Ginny ria alors. Ce fut au début un rire nerveux mais qui devint ensuite plus franc quand elle se rendit compte que ça lui faisait du bien. Le jeune homme mêla ces gloussements aux siens. Les soucis de la rousse semblaient s'estomper peu à peu. Elle recommençait à espérer que le bonheur l'emporte.

-Oui je sais, je suis douée n'est ce pas ? Répliqua-t-elle.

-Plutôt oui !

-Je te donnerais des cours si tu veux.

Neville redevint tout à coup très sérieux.

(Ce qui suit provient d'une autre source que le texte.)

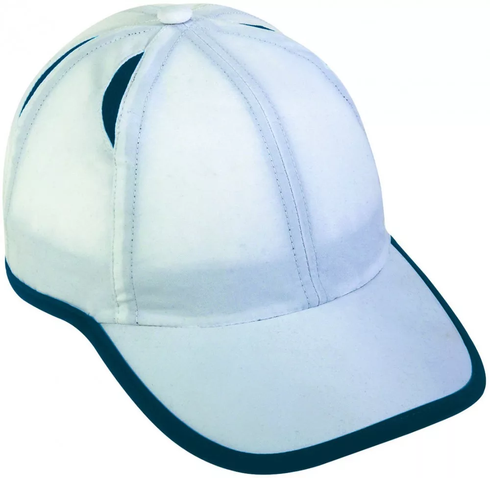 Kiváló minőségű termékünk ez a 6 paneles, állítható, légáteresztő, szélálló és vízlepergető fehér pamut baseball sapka, kontrasztos színösszeállításban!

-Je n'en aurais pas l'utilité. Je suis désolé mais je pense que tromper ainsi le monde, c'est se voiler la face. C'est comme si tu te mentais à toi même et ça ne peut que te faire mal. Si tu en es là aujourd'hui, c'est à cause de tout ces mensonges.

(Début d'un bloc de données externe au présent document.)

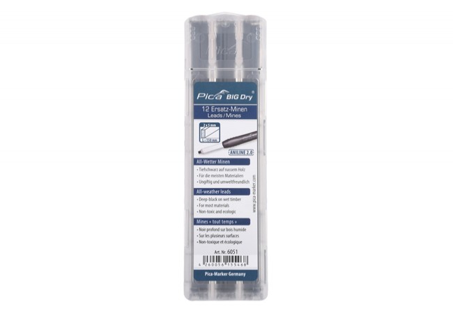 Wkłady grafitowe wymienne Pica Big Dry do mokrych powierzchni ANILINE 2.0. Zapewniają odpowiedni kontrast na mokrym drewnie. W wygodnym i odpornym na uszkodzenia opakowaniu znajduje się 12 wkładów osobno pakowanych dla lepszego zabezpieczenia. Prostokątne wkłady o wymiarze 2 x 5 mm i długości 150 mm starczają na bardzo długo. Produkt przyjazny środowisku.

Ginny eut envie de lui coller son point dans la figure pour avoir dit ça. Comment pouvait-il la juger ainsi ? Elle ne supportait pas qu'il puisse ne pas la plaindre, ne serait-ce qu'un peu. Après tout, c'était une victime aussi dans l'histoire. Mais bien vite, elle compris qu'il avait parfaitement raison. Le fait de tromper ainsi toutes les personnes qu'elle aimait, l'avait amenée à se mentir à elle-même. Elle ne pouvait pas trouver le bonheur ainsi. Si elle voulait être heureuse elle n'avait qu'une chose à faire, rétablir la vérité et prier pour qu'elle soit accepté.

"***"

Voilà, voilà, j'espère que ça vous à plu. Et comme d'habitude voilà un extrait du prochain chapitre. On se retrouve samedi prochain. Bonne semaine à tous !

"La rousse venait d'arriver devant la porte de la salle de classe dans laquelle elle avait donné rendez-vous à cette femme qu'elle avait détesté toute sa vie, pour sa langue bien pendu et son incapacité à garder un secret, mais à qui elle allait aujourd'hui se confier en toute connaissance de cause. Si elle devait rétablir toute la vérité alors autant le faire avec un magnifique coup de théâtre, non ? Elle respira profondément avant de poser sa main sur la poignet de la porte. Ça y est, elle y était ! Sa nouvelle vie commençait maintenant, dans cette salle abandonnée avec une femme plus qu'horripilante un soir de février. Elle réunit tout le courage qu'elle avait et entra. Lorsqu'elle aperçu la sorcière aux boucles blonde et vêtu d'un tailleur vert assise sur une chaise en plein centre de la pièce, elle compris que tout retour en arrière était impossible. Elle devrait aller jusqu'au bout."